As the name suggests, the ECS responds to cannabis. At the time it was discovered, scientists assumed that was the best way to support it. But thanks to Dr. Sears’ all-natural solution, you can power up your ECS without marijuana.
“Calling it the ‘endocannabinoid system’ was a misnomer from the very beginning,” Dr. Sears explained. “Modern research reveals that you don’t need cannabis to activate this incredible system. You don’t need to ‘get high’ to get joint relief.”
A scholarly review found that plants and herbs that don’t produce mind-altering effects can support the ECS and help it maintain its healthy functions.
This includes common foodstuffs, such as kava, chocolate, black pepper, and most significantly – the star ingredient to Dr. Sears’ own Mobilify formula - frankincense.
Modern scientists say this natural ingredient meets “cannabinoid tetrad” – the signs used to determine if something supports the ECS. While it doesn’t produce a “high” like cannabis does, it binds to the same receptors to support a healthy response to discomfort.
All the Benefits of CBD –Without Cannabis Indian frankincense, the chief ingredient in Mobilify, has been shown to provide all the benefits of cannabis without any feelings of sluggishness or sleepiness.
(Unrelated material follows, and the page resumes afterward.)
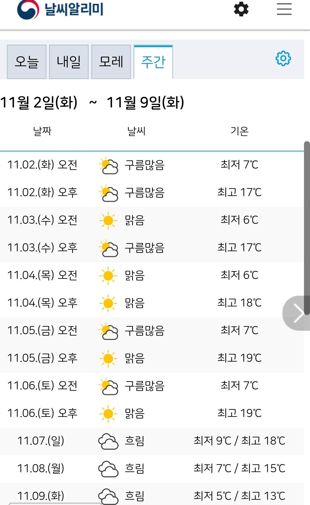 | 서울과 대전, 월요일부터 비/:/ 기상청 중기예보, 11월 중순까지 (0) | 2021.11.06 |

And studies show that users don’t have to wait long for the comfort they’re looking for.
In a study published in the International Journal of Medical Sciences, 60 patients with stiff knees took 100 mg of Indian frankincense or a placebo daily for 30 days. Remarkably, Indian frankincense “significantly” supported healthy joint function and relieved discomfort in as little as five days.
Additional research linked regular use to lasting comfort.
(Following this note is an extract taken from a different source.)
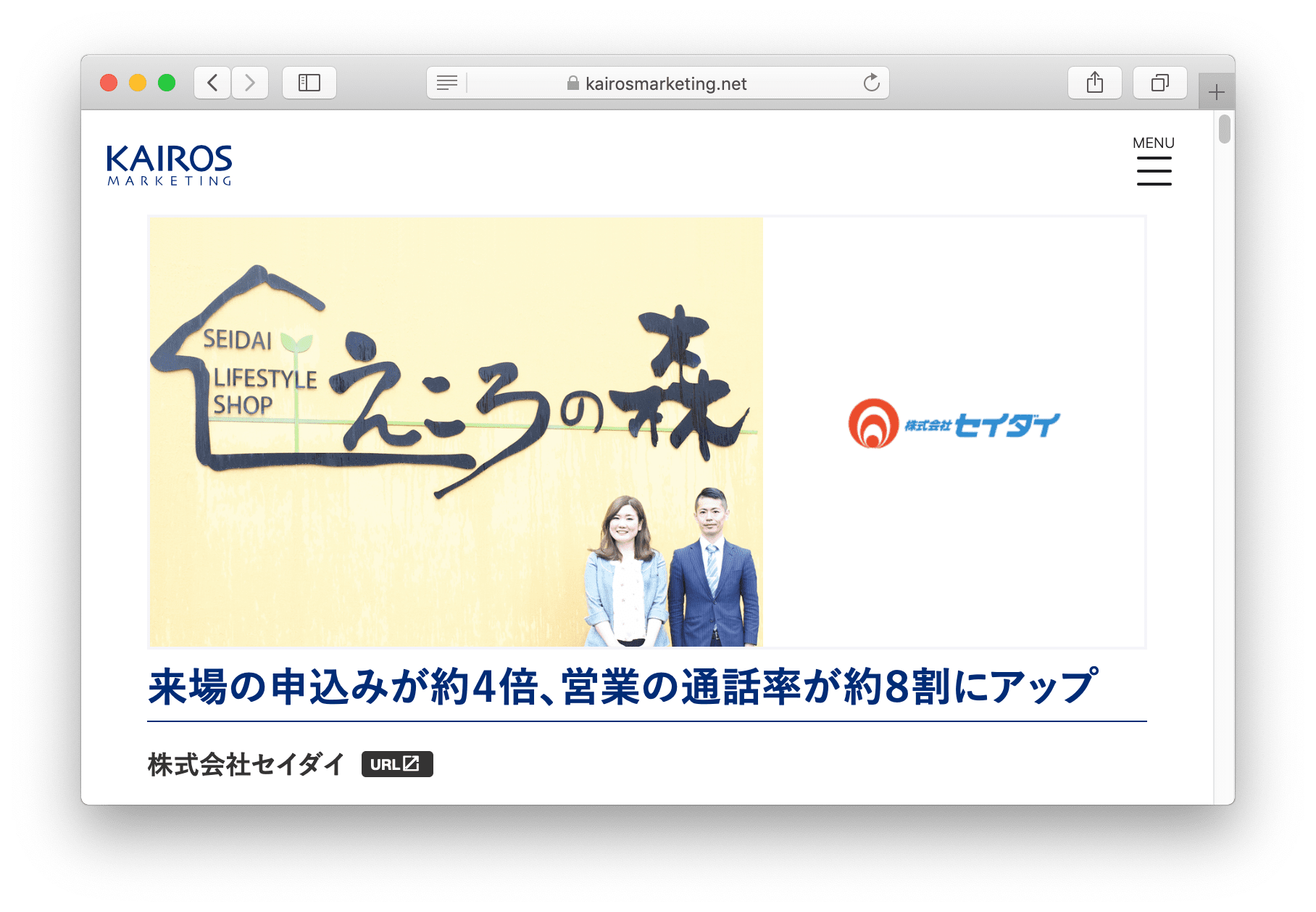 マーケティングオートメーション「Kairos3」の導入事例に、株式会社セイダイさまのインタビューを公開いたしました。

In another study, 48 participants were given an extract made from frankincense for 120days. When the results came in, researchers determined the extract strongly supported joint comfort – especially in the knees.
These results were all achieved without marijuana. Research continues to back up the idea that you can support smooth, strong, and healthy joints naturally – without tiredness or sluggishness.
Get Moving Again with Mobilify
Mobilify has already helped thousands of Americans stay on their feet and breeze through
their daily activities with ease.
One user even reported getting results the same day it was used.
“Mobilify really helps with soreness, stiffness, and mild temporary discomfort,” Joni D. said. Larry M, another user, compared taking Mobilify to living a completely new life.
“After a week and a half of taking Mobilify, the discomfort, stiffness, and minor aches went away…it’s almost like being reborn,” he said.
Dennis H. said it helped him get back to his favorite hobby.
“I can attest to Mobilify easing discomfort to enable me to pursue my golfing days. Definitely one pill that works for me out of the many I have tried,” he said.
How to Get Mobilify
Right now, the only way to get this powerful, unique Mobilify formula that clobbers creaking joints without clobbering you is directly from Dr. Sears. It is not available in stores.
To secure your bottle of this breakthrough natural joint discomfort reliever, buyers should call with Sears Health Hotline at 1-800-3347142. “The Hotline allows us to ship the product directly to customers.”
Dr. Sears believes in this product so much, he offers a 100% money-back guarantee on every order. “Just send me back the bottle and any unused product within 90 days, and I’ll send you your money back,” said Dr. Sears.
The Hotline will be taking orders for the next 48 hours. After that, the phone number may be shut down to allow them to restock. Call 1-800-334-7142 to secure your limited supply of Mobilify. If you are not able to get through due to extremely high call volume, please try again! Call NOW to qualify for a significant discount on this limited time offer. To take advantage of this exclusive offer use Promo Code: MBGRIT2 when you call.
“Everyone welcome, if you would, these nearly famous poultry pickers, Chickens of the Woods.”
“Hey, I thought we were the Cornbread-Fed Bluegrass Ramblers?”
“Last month, we were, son. Did you see the table of contents? There’s a story in here about mushrooms. Listen to me — art has to adapt. Hit it, Maybelle; ‘Rotten Oak Stump’ in the key of G.”